Based on a script rejected by virtually all film related institutions in Poland, prepared by an anarchic collective of twelve, shot within three weeks, with no budget at all, with a travel case of old, mostly broken photo lens, this was the exercise in sovereignty and artistic independence. After months of hopeless struggle, cinema forced me to live again.
Opened, edgy, ambiguous, unpredictable, divisive, erratic. Free of any production restraints. Pleasing neither a mass audience nor a festival hipster. Breathlessly looking for a new audience. More an experimental novel, than a conventional film.
I did it with two young Rene Pollesch actors. Tomek, my equal, one of the few openly gay actors in Poland and Agnieszka, the best actress of her generation. I love them and the freshness they bring onto the screen.
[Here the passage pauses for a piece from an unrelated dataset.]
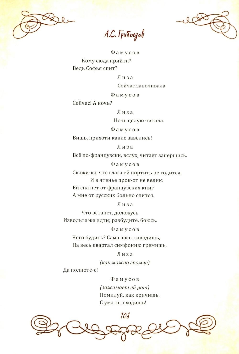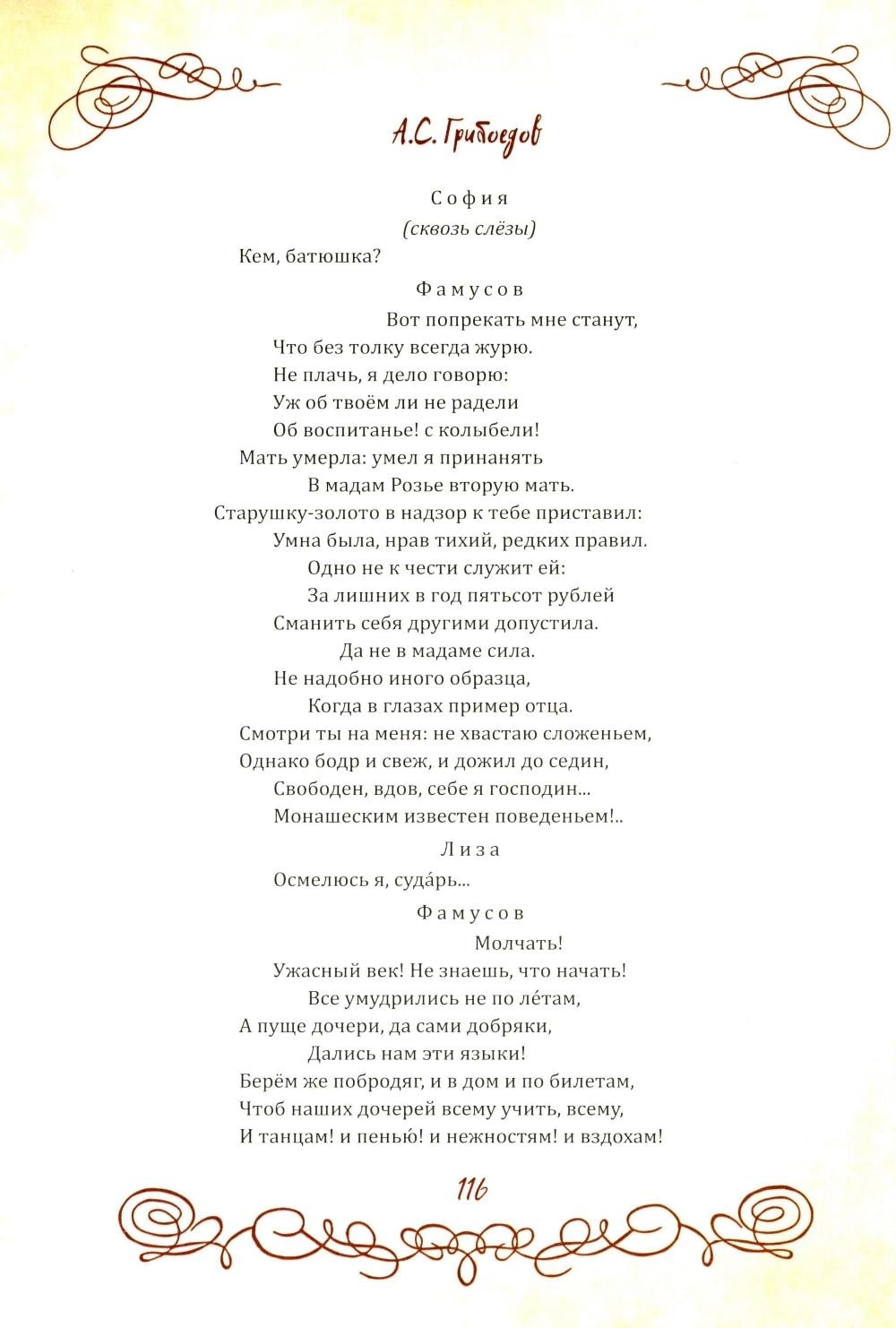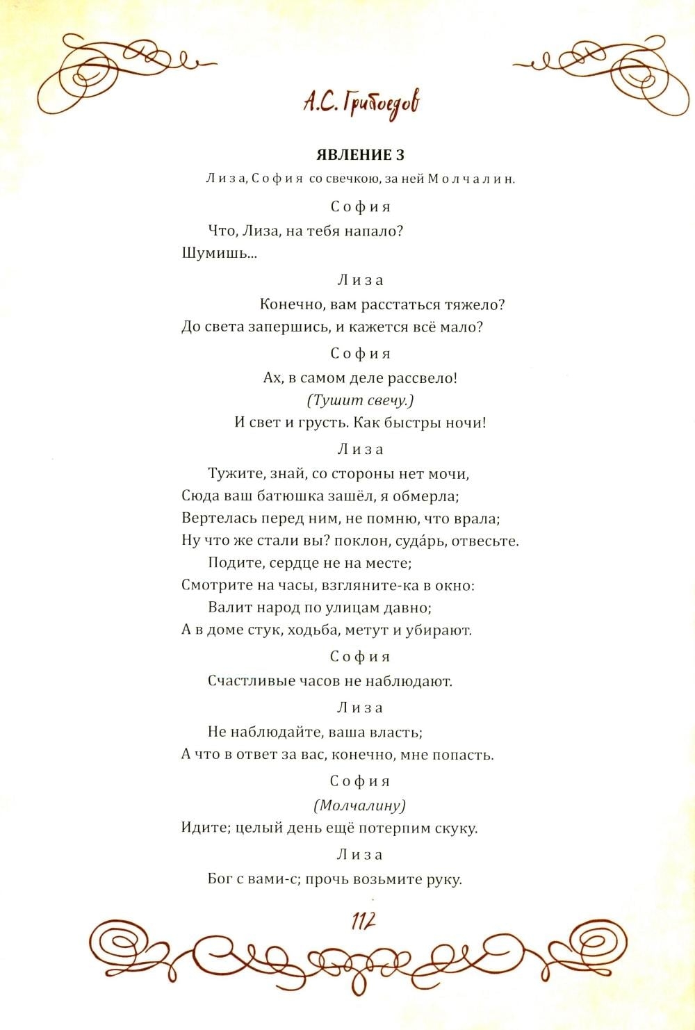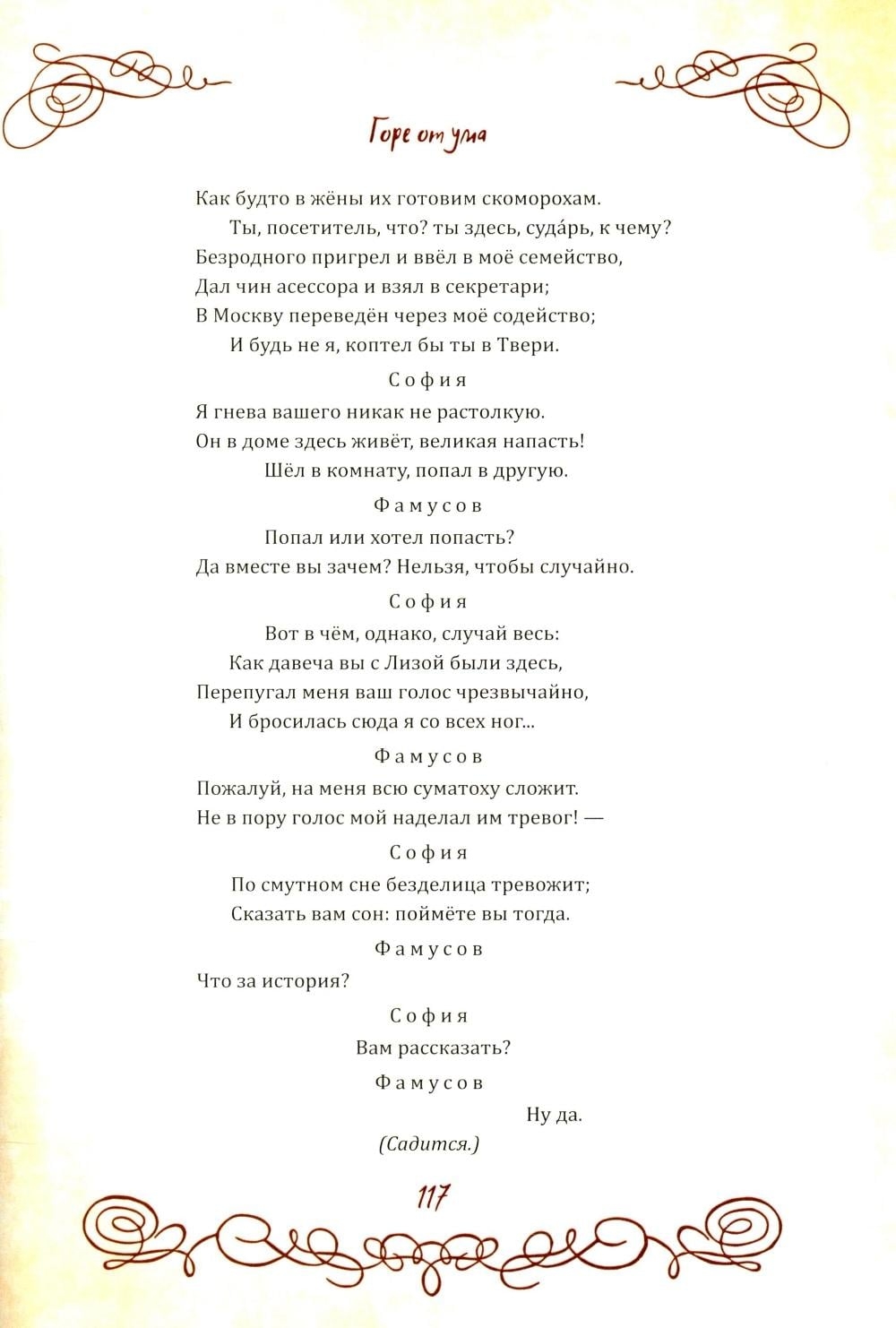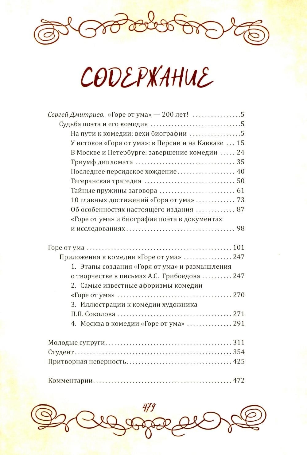 На самом деле к своему шедевру поэт шел долгие годы, и на этом пути он много экспериментировал, пытаясь искать новые пути русской драмы через создание таких произведений как, к примеру, "Молодые супруги", "Студент" и "Притворная неверность", которые также публикуются в настоящем сборнике. В-третьих, книга богато иллюстрирована не только историческими фотографиями, имеющими отношение к биографии поэта, но и полными комплектами иллюстраций к комедии, созданными тремя выдающимися художниками России: М. С. Башиловым, П. П. Соколовым и Д. Н. Кардовским.

“The way we are and the way we live is just like the world around us. Just like the people are.” – says Jan to his guests. He wants them to understand that one cannot always act as a guardian of every ethical value. And that immorality is a human attribute, and in fact quite a common one. Particularly in the moments of fear, uncertainty or war. Yet, is this a sufficient justification for the crime committed many years ago? Undoubtedly not. The most severe punishment for a criminal – that is if he has a conscience – is the fact that he will have to live on with the awareness of a crime committed in the past. He will have to remember it. As long as he stays alive. No wonder then that Jan is praying for his own death.
Life is a punishment for anyone who is supposed to be the carrier of truth, remembrance and the past – it must be quite tough to be in his shoes. But the need to strive for the truth can also overpower you with obsession. Settling accounts with the past even if it does not bring any consolation creates a sense of obligation. Karolina is Jewish. In Jan’s house the crime was committed on defenseless Jews and this secret has never come to light. Does digging up the past help one understand the reasons behind his actions? And is the sense of justice – or of revenge – always well-meant?
Economical in dialogues, the film will not let you to break free from questions. The key triangle: Ksawery – Jan – Karolina will be overwhelmed by helplessness. Simply because there is no way out of the circumstances they are involved in. You can chase the old times (the past) but you still need to cope with your life ‘here and now’. And the presence is always far more important even if it is ghastly unbearable. This is why our daily rituals (like eating, sleeping or washing) are so crucial: it’s through the monotony of everyday routines that we can notice the sanctity of life. This however does not guarantee any kind of idyll. Arcadia can only materialize in a place where kalós kai agathós (classical Greek kalokagathia: kalos / beautifull + kai / and + agathos / good) are harmoniously balanced.